November 18, 1999
Funds for plant workers supported
By Bill Bartleman
Congress will approve legislation proposing individual benefits of $100,000 for current and former Paducah Gaseous Diffusion Plant workers who have certain types of cancer, but not without considerable debate, 1st District U.S. Rep. Ed Whitfield predicted.
Details of the compensation plan were released Wednesday by Energy Secretary Bill Richardson and introduced in the House.
A key element in the plan is that Paducah workers will not have to prove their cancer was caused by work-related exposure, only that they worked at the plant for at least a year in an area containing radioactive material, Richardson said.
Dr. David Michaels, assistant secretary for DOE's Environmental Health and Safety Program, estimated that 200 current and former workers will be immediately eligible for benefits and that an undetermined number would be eligible during the next 20 years.
"This action is long overdue," Richardson said at a news conference in Washington that was linked to Kentucky reporters by telephone. "The department is finally going to stop fighting these workers and instead help them get what they deserve."
He said the compensation is being proposed because Paducah workers were unknowingly exposed to plutonium, neptunium and other highly radioactive elements from the time the plant opened in 1952 until 1976.
Allegations that the exposure caused workers to become ill was raised in two lawsuits filed in Paducah since June. Those cases are seeking millions of dollars in damages from former plant operators.
Richardson said the Justice Department is still reviewing records to determine whether it wants to get involved in one of those suits that alleges former operators filed false documents regarding contamination at the plant.
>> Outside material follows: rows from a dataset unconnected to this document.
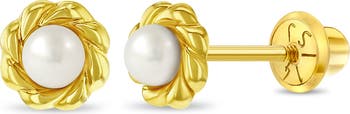 These adorable little girl's cultured pearl 14k gold earrings are set in a unique and classic braided bezel setting. Crafted entirely of solid 14k gold, these baby pearl earrings with screw backs are suitable for kids with sensitive ears. Its small size is perfect for children of ages from 1 through 10 years of age. Featuring a unique safety screw back system, these earrings help to ensure your little girl's 14k gold pearl earrings will stay safely and comfortably in place. A complimentary gift box is included!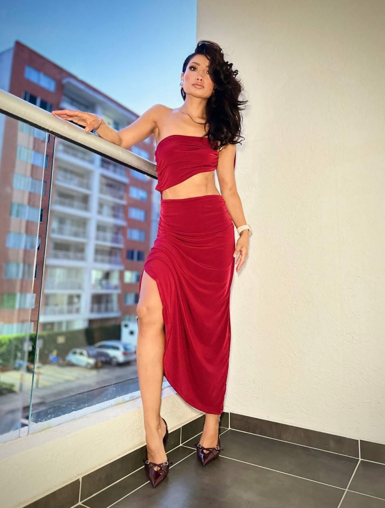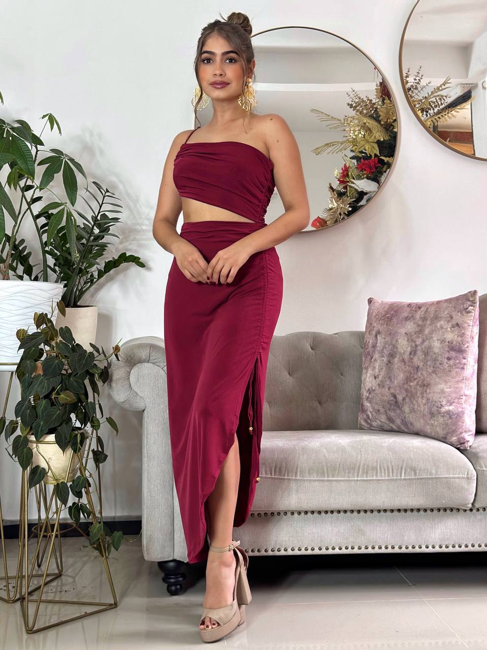 Zweiteiliges Set aus fließendem Jerseystoff, das die Figur elegant betont. Das Bandeau-Top ist seitlich gerafft und passt sich angenehm dem Körper an. Der lange Rock verfügt über eine seitliche Raffung mit einem leichten Schlitz, der für Bewegung und eine feminine Silhouette sorgt. Ein stilvolles Outfit für besondere Anlässe oder sommerliche Events.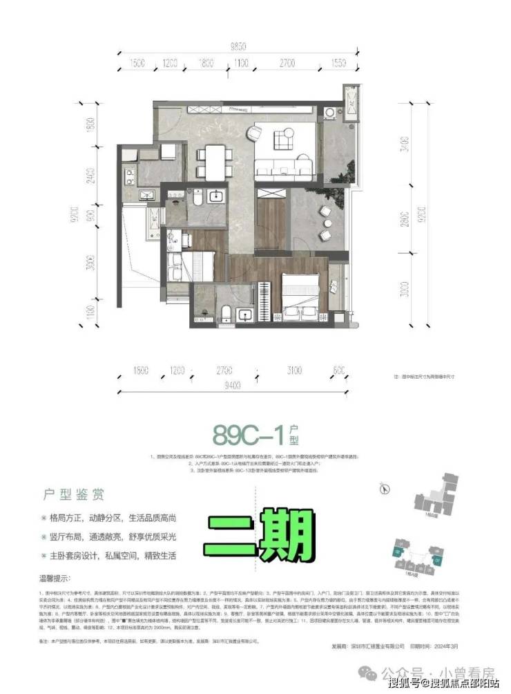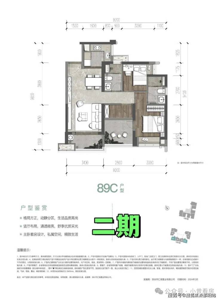 89㎡的3房2厅2卫(二期C户型),设计的是经典竖厅格局,餐客厅一体化,客厅3.4米开间,三开间朝南,3个卧室分别做到了3米/2.8米/2.4米的宽度,U型厨房,阳台1.5米进深,得房率:72.96%(不含赠送),西南朝向。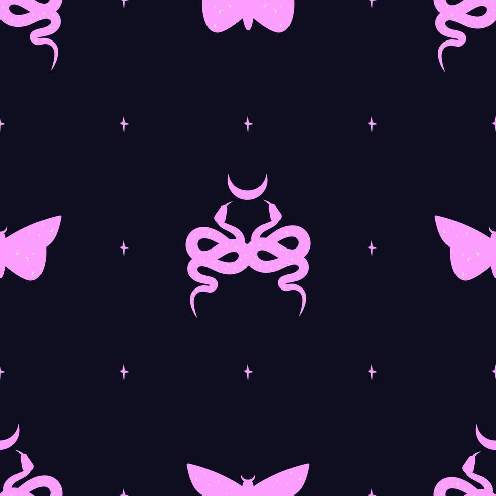 Witch and Magic Collection with moth and snake. Halloween mystical animals vector seamless pattern. Celestial snake, butterfly, moon Esoteric, boho mystical hand drawn elements. Pro Vector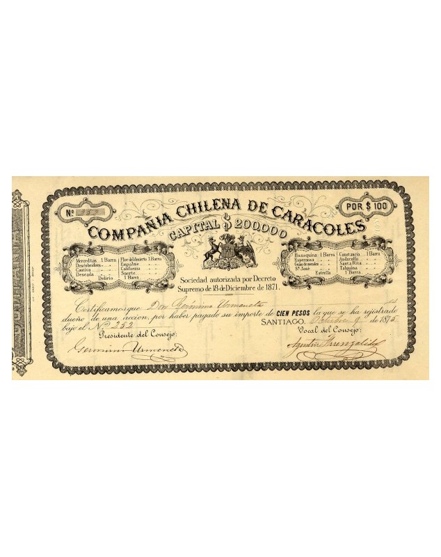 Cert. of 1 share of 100 Pesos - Santiago 1875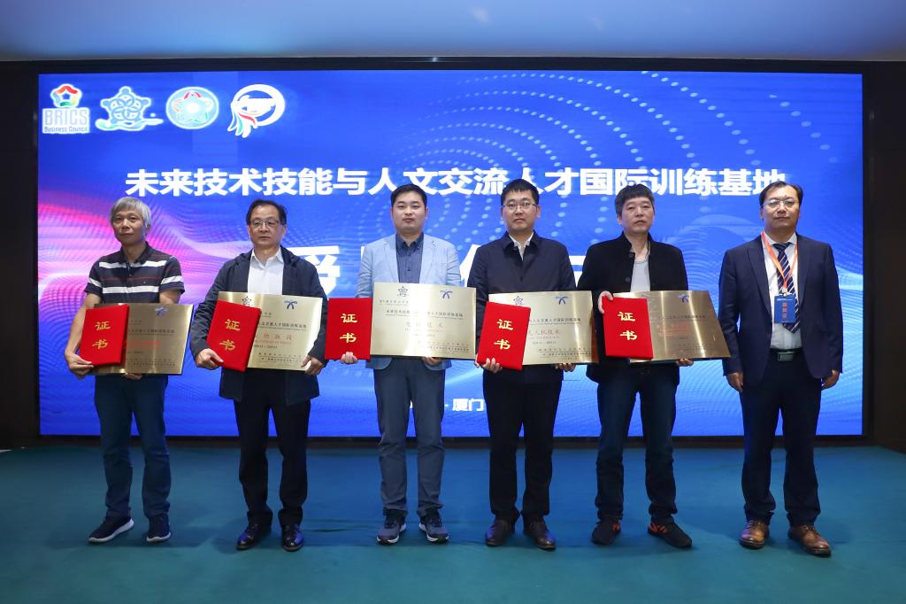 12月9日,未来技术技能与人文交流人才国际训练基地授牌仪式在厦门举行,必赢无人机技术、电梯技术中心被教育部中外人文交流中心和一带一路暨金砖国家技能发展国际联盟联合授予未来技术技能与人文交流人才国际训练基地牌匾。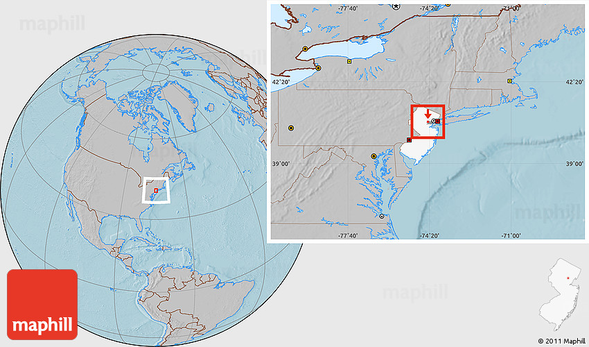 Maphill is a collection of map images. This image combines a gray map with the globe centered on ZIP code 07974. Use the buttons under the image to switch to different map types.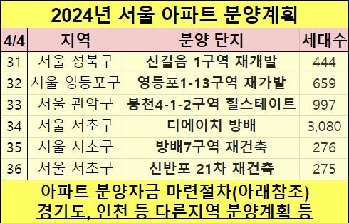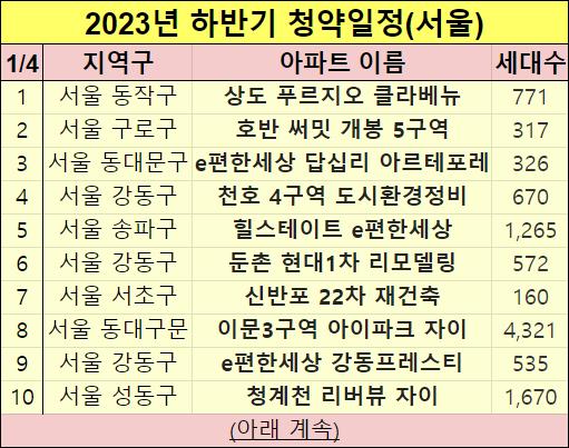 이렇게 2023년 하반기에 서울 분양예정 아파트들을 표로 정리했습니다.
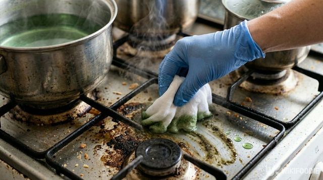 청소는 물이 식기 전에 시작하는 것이 좋다. 고무장갑을 착용한 뒤, 행주를 시금치 물에 충분히 적신다. 그다음 가스레인지 상판과 주변 타일을 골고루 닦아주면 된다.
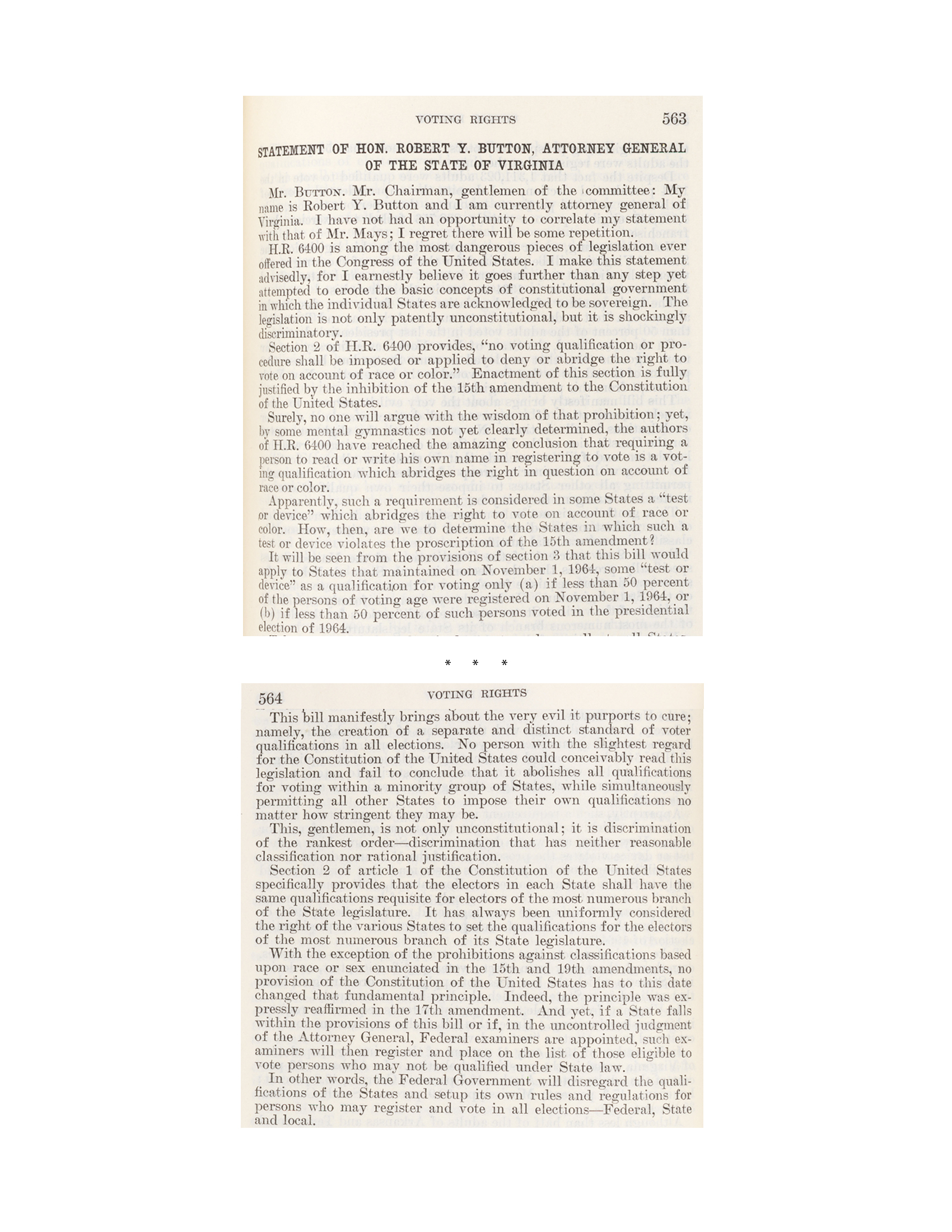 Statement of Hon. Robert Y. Button, Attorney General of the State of Virginia, March 29, 1965; 89th Congress; Washington: Government Printing Office, 1965. Document 2B

Michaels said that anyone awarded $100,000 under this compensation program would give up his or her right to sue DOE or any current or former contractor.
"Last September, I traveled to Paducah and apologized for the department for not being forthcoming about possible exposure to plutonium," Richardson said. "Today's announcement gives some weight to that apology."
He said the national security mission of building nuclear weapons placed thousands of men and women in jeopardy, including workers in Paducah. "They helped win the Cold War ... (and) should be honored for their work," he said.
The compensation for the Paducah workers and surviving relatives was included in legislation proposing benefits for workers exposed to beryllium at other plants and to a select group of workers at DOE facilities in Oak Ridge, Tenn.
Michaels said as many as 1,000 workers will be eligible for benefits under the beryllium program and about 55 under the Oak Ridge program.
Whitfield, R-Hopkinsville, attended the news conference with Richardson and is a co-sponsor of House Resolution 3418, which was introduced late Wednesday.
"This is a significant step forward," Whitfield said. "It is the first time that we've been able to draw up legislation recognizing the government's responsibility to provide assistance to employees who have contracted illnesses resulting from their exposure at the Paducah plant."
In an interview later, he said debate on the bill would begin when Congress returns next year. Although he predicted it would be approved, he said it would spark considerable debate.
Whitfield said a key issue will be the fact that DOE workers in Portsmouth, Ohio, and other facilities involved in building nuclear weapons aren't eligible.
"Today's announcement is a step in the right direction," U.S. Sen. Mitch McConnell said. "I'm encouraged that DOE is now acknowledging that workers at the Paducah plant deserve to have their health needs assessed."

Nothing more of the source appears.